ABSTRACT

We have here on the table two or three kinds of recording apparatus. The one in front of me, which looks rather a large instrument is what is called an “endless paper apparatus;” by using which one can go on making an observation for a very long time without altering the apparatus at all. On one portion there is a roll of paper rolled by machinery, some hundreds of yards long. The whole object of the machine is to unroll this paper, moving it along at a regular rate, and passing it over these brass cylinders, and then as the paper is passing, any movement in the animal body which we wish to record is marked on the paper as it passes along. You must have noticed in the shops of mathematical instrument makers, clocks provided with a rotating drum, on which a piece of paper is carried round very slowly according to the movement of certain wheels of the clock, and you have also noticed, marking upon such a drum, a pencil which moves up and down, and this pencil is connected perhaps with a barometer.
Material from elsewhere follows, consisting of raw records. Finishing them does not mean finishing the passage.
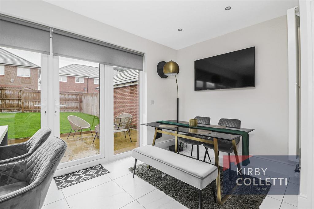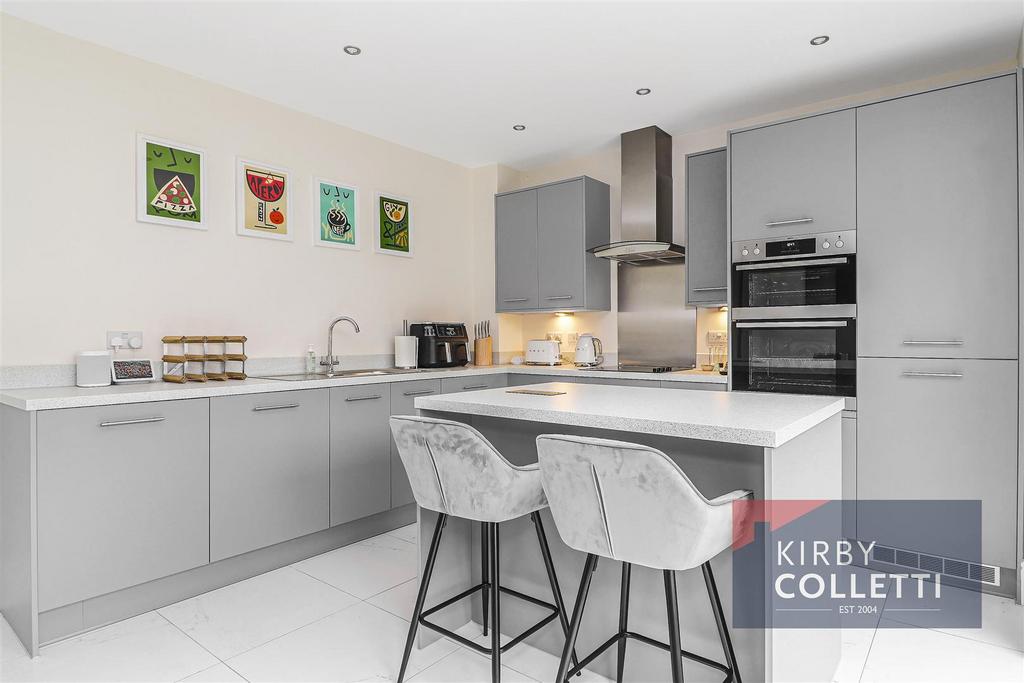 Kitchen/Breakfast Room - 5.51m x 3.45m (18'1 x 11'4) - Rear aspect full height windows and double doors to garden. Grey wall and base units with work surfaces over. Island unit with breakfast bar and pop up electrical point. Plumbing for dishwasher. Built in double oven. Integrated fridge freezer. AEG induction hob with extractor canopy above. TV and aerial point. Recessed ceiling spotlights. Porcelain tiled floor.
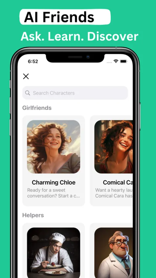 • Participate in realistic AI role-plays, unraveling multifaceted aspects of various categories including memes, helpers, love interests, and literary figures.
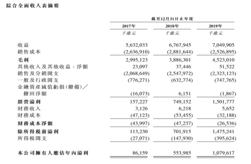 全矩阵产品及全渠道产品布局,使得蓝月亮业绩实现快速增长。招股书显示,2017年至2019年,蓝月亮的营收从56.32亿港元增长到70.50亿港元,净利润则从8616万港元上涨至10.80亿港元,净利润年复合年增长率达254%。
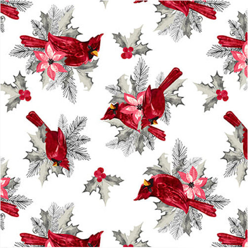 Holiday Style Cardinals White Yardage
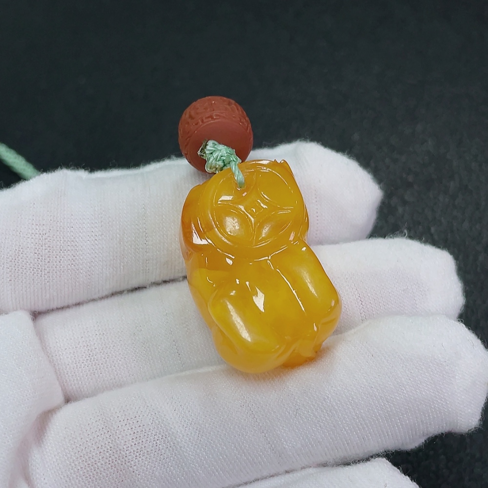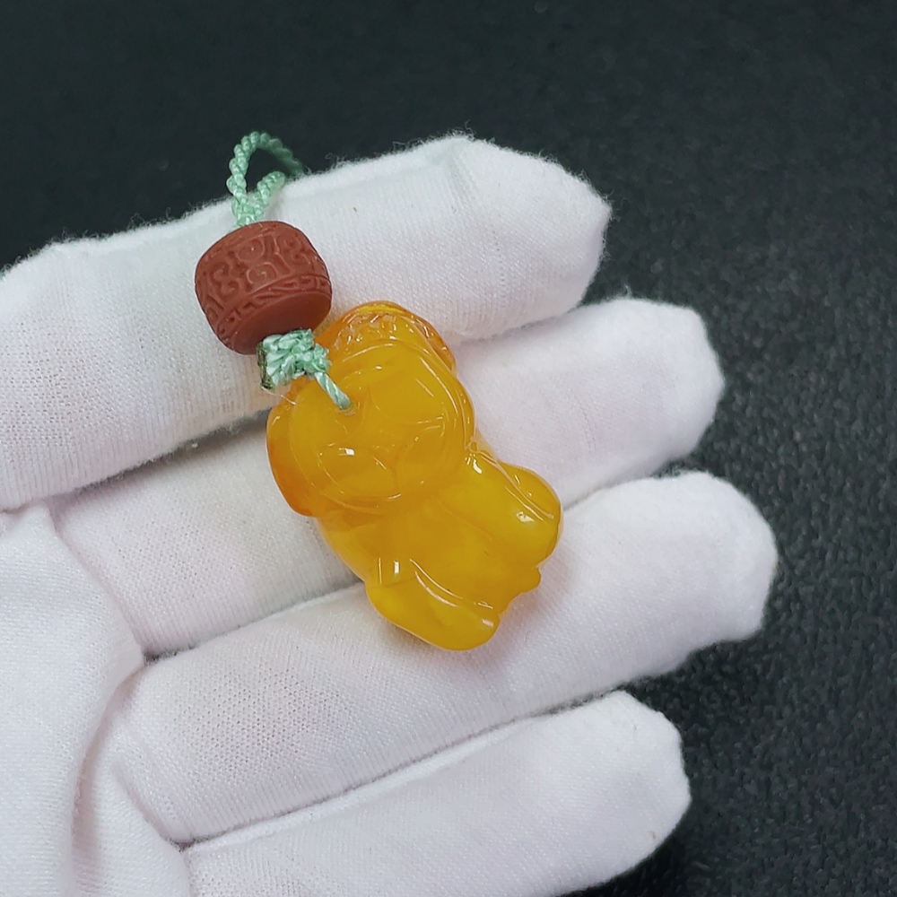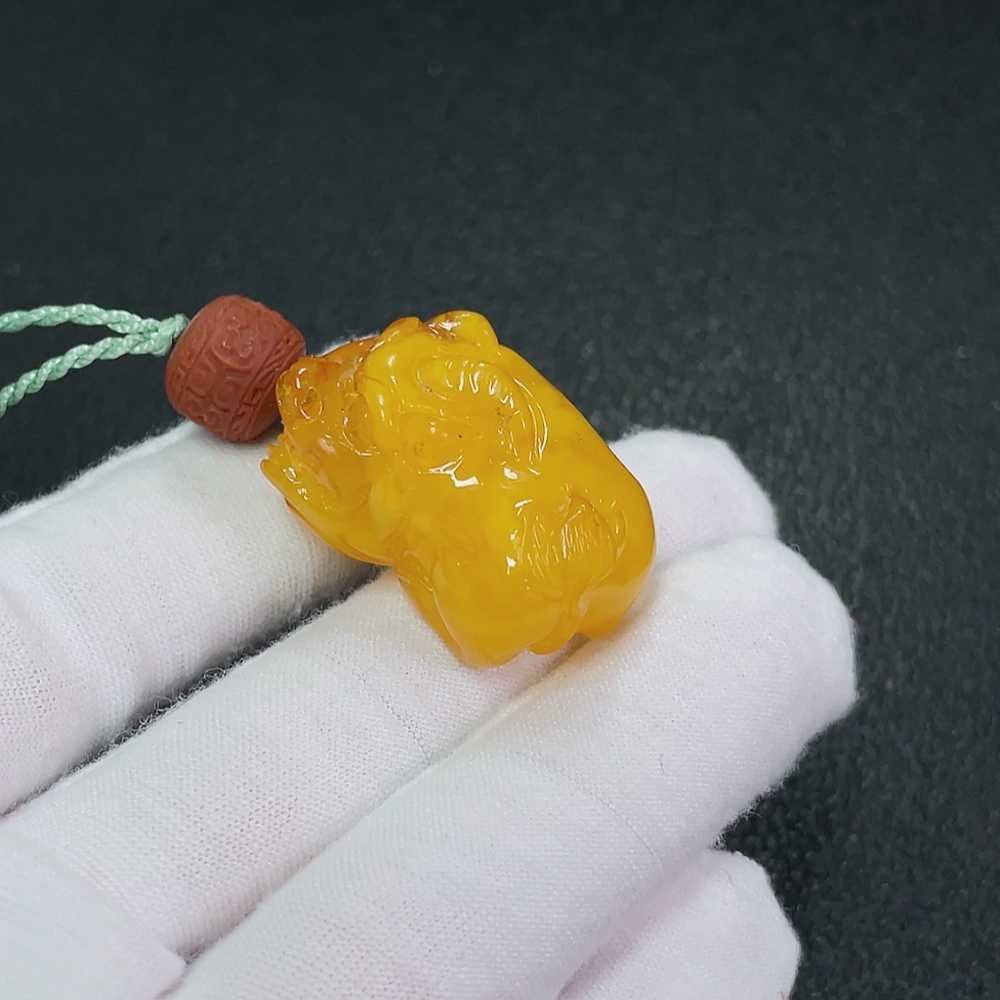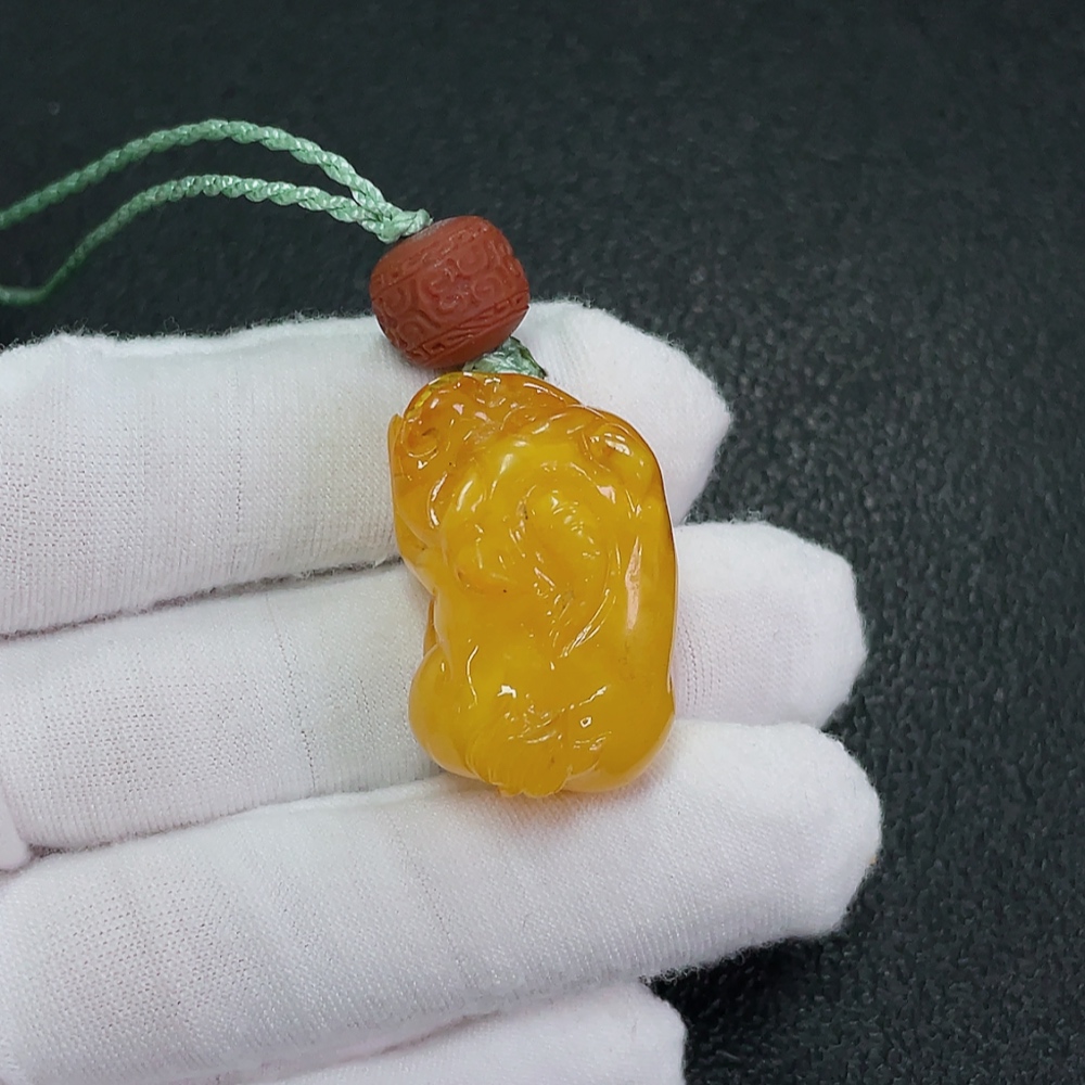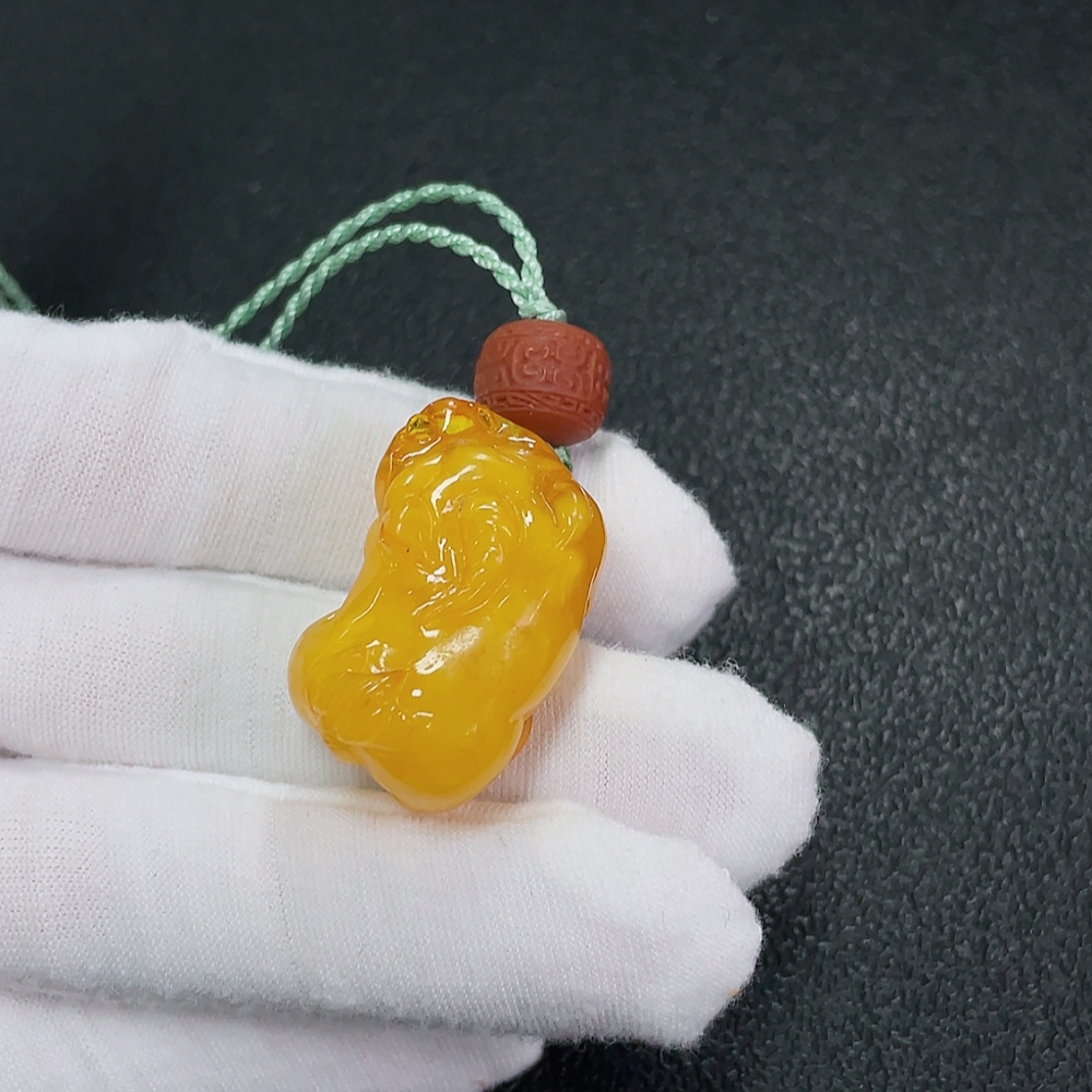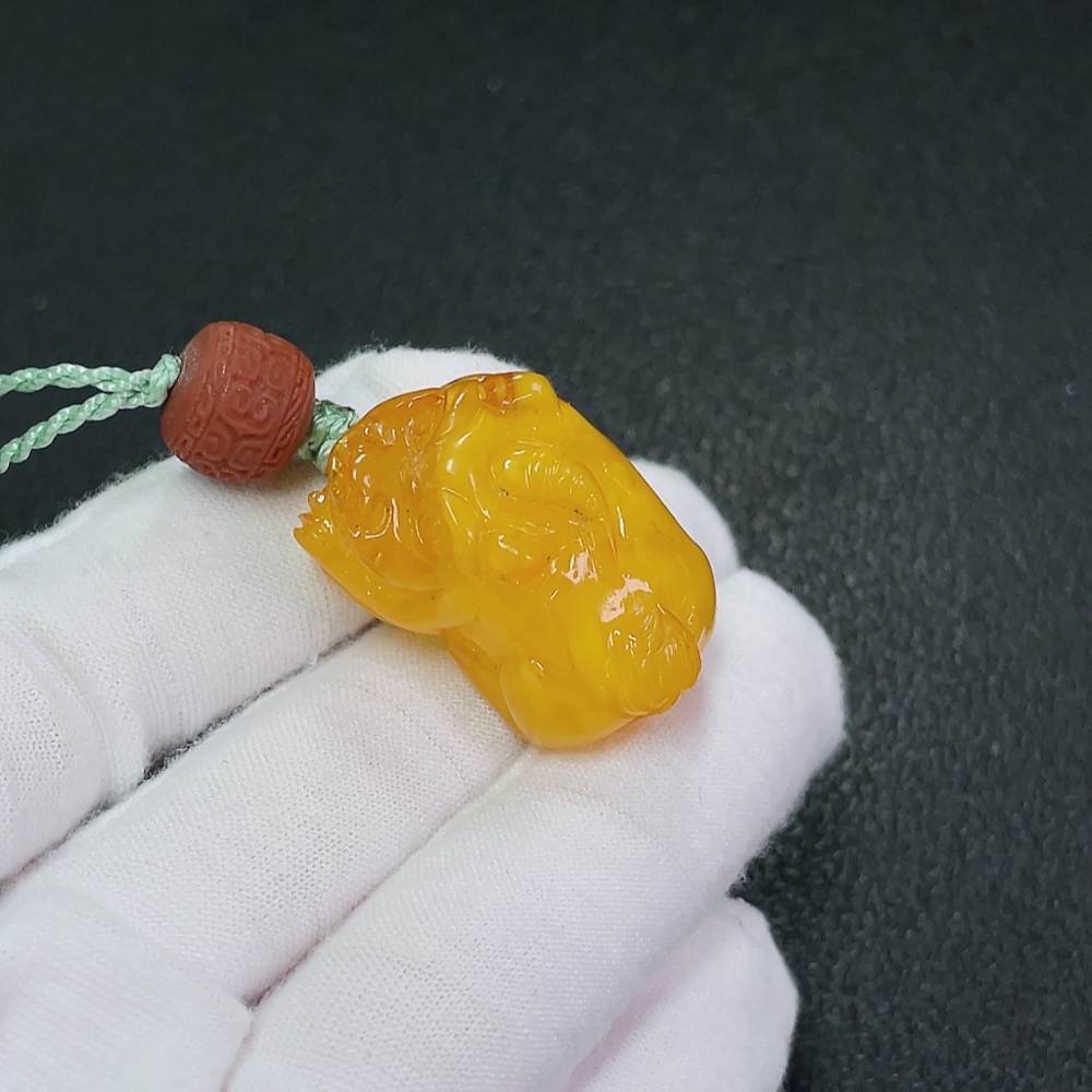 Amber Beeswax Pendant with Colorless Coating, Non-Natural Accent Stones, Non-Gold, Total Weight Approx. 10.14g, Including Cord

The apparatus here is founded on precisely the same principles. It may be moved either by a gas engine, a steam engine, or by clockwork, and the rate is capable of being varied by a screw underneath. A curve may be traced on the moving paper by means of a bent U tube or manometer, filled with mercury to a certain height, and open at each end. At the top of the mercury in one of the legs of the tube, lies a float, which is connected to a little pen and follows the movements of the mercury. The pen is wetted with ink so as to write on the white paper and trace the movement upon it. If we wish to take 282the pulse in the arteries we have only to connect the other end of the tube by means of an india-rubber pipe with an artery, and then any movement in the artery will cause the mercury to rise and fall. In this way many of the principal discoveries, with regard to the phenomena exhibited in the circulation of the blood, have been made. This apparatus we owe to Professor Ludwig, and it is the ordinary apparatus used in physiological laboratories for obtaining a trace of the movement of the blood and the variations in the pressure which is found within the system of blood-vessels.